## RAW DATA
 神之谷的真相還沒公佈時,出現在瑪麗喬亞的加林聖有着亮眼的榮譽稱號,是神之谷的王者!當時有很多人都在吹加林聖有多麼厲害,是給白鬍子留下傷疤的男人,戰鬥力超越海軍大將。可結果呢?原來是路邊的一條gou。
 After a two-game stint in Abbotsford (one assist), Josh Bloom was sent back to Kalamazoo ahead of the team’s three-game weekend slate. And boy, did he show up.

...

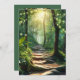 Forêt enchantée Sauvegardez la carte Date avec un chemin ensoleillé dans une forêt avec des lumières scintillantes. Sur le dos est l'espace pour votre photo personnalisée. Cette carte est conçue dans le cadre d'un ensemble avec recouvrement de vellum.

## TASK OBJECTIVE
From the records above, transcribe exactly the run of lines that opens with the line holding "神之谷的真相還沒公佈時,出現" and closes with the line holding "After a two-game", both included.

## SOLUTION FOR THIS TASK
 神之谷的真相還沒公佈時,出現在瑪麗喬亞的加林聖有着亮眼的榮譽稱號,是神之谷的王者!當時有很多人都在吹加林聖有多麼厲害,是給白鬍子留下傷疤的男人,戰鬥力超越海軍大將。可結果呢?原來是路邊的一條gou。
 After a two-game stint in Abbotsford (one assist), Josh Bloom was sent back to Kalamazoo ahead of the team’s three-game weekend slate. And boy, did he show up.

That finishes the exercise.